People wanting more than the universal wage could go to college using the universal wage to pay their bills while they train for the available human jobs or explore new ideas that could advance humanity. Or they could save up or pool their wages as capital to start their own businesses. Or they could volunteer for a cause they believe in, pursue creative enterprises, or try a venture they love without risking poverty if they fail.
Among the countries that are exploring this idea is Switzerland. There, backers of the proposal have launched what's called an "obligatory initiative" under which parliament will have to debate the proposal and present a multiple-choice referendum of options for a public vote. Halfway into the initiative period, the backers have 70,000 of the required 100,000 signatures to force parliament to act, and the public political debate has already started. The proposed universal wage is approximately US$2500 a month.
An alternative response to mass structural unemployment is welfare. The universal living wage is not welfare, because it is not means-tested. Rather, it is age-neutral social security that we would all get. Social Security is politically popular because we all benefit from it. Welfare is less popular because some see welfare recipients as "takers" and see themselves as "makers," even if they themselves are currently unemployed. (This is the "my case is different" mindset that pro-life women suffer from when getting an abortion.) America's current welfare system would leave most people homeless in an automated economy, as cash welfare is available only to families with children and expires after 24 months. An application for housing assistance already puts people on multi-year waiting lists just for tickets in long-odds housing lotteries, and would be even more of a joke with higher unemployment. The only action the US government takes to keep most poor people alive today is to give them a minimum supply of food. Welfare would have to be dramatically expanded under mass structural unemployment in order to avoid mass homelessness. Perhaps this could be achieved through the negative income tax, a welfare idea that seems intentionally named to be as unpopular as possible.

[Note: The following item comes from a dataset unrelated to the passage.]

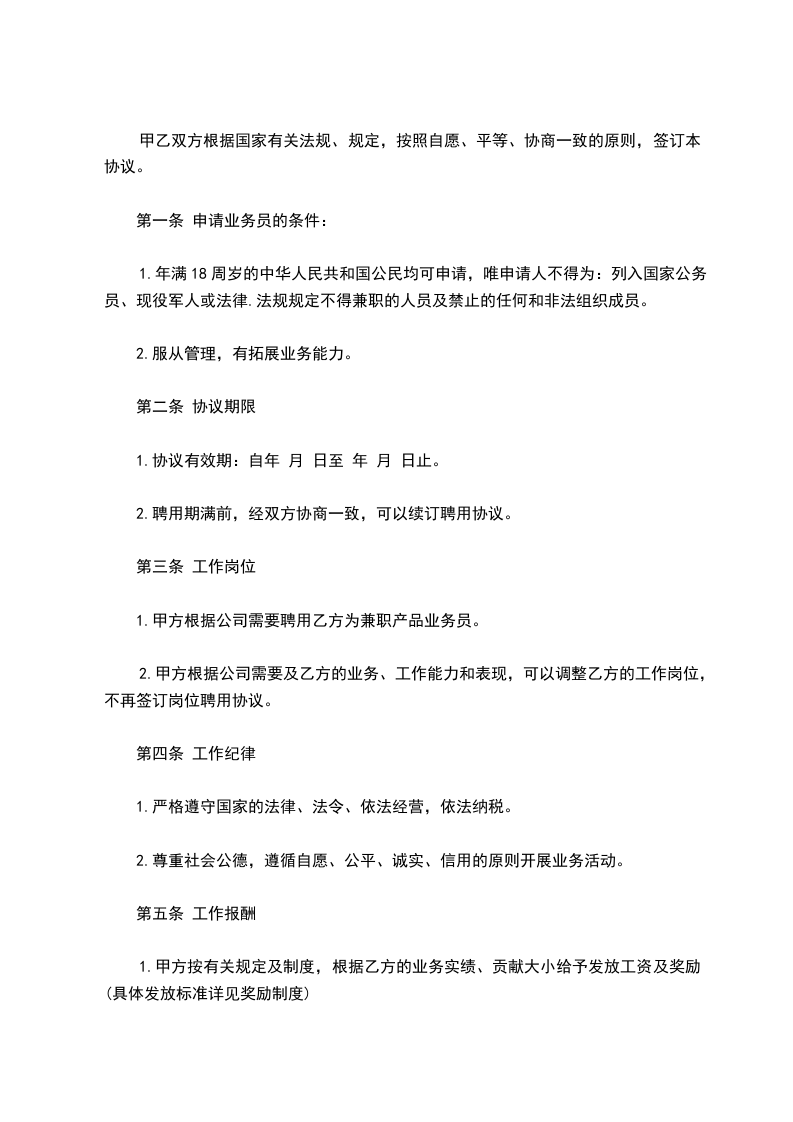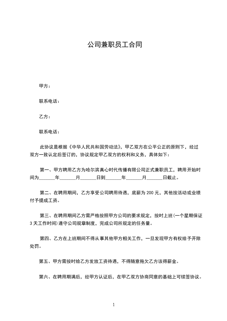 第5条 兼职劳动报酬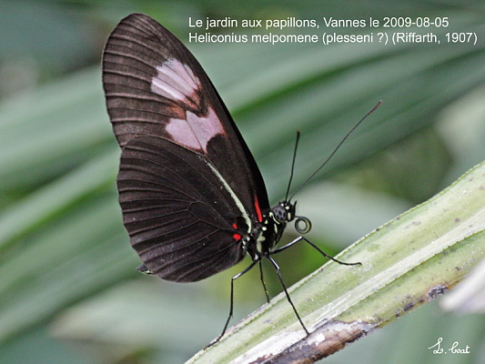 NYMPHALIDAE, Heliconiinae, Heliconius melpomene (plesseni ?) (Riffarth, 1907)_Amérique du sud et Centrale (Costa Rica)_Le jardin aux papillons, Vannes le 2009-08-05

Another option is to create massive New Deal-style government projects for the primary purpose of employing humans — expensive, inefficient humans.
Or we could establish quotas for human workers at companies, or flat-out ban certain types of robots and automated software.
But perhaps none of this will be needed. Perhaps automation will stop replacing human workers, or perhaps automation will create a new industry that will employ everyone again at middle-class wages. But we shouldn't be blind to why so much job loss is already happening. Nor should we let a problem this big continue to snowball without discussing our options. The universal living wage is the best option I've heard so far. Your thoughts?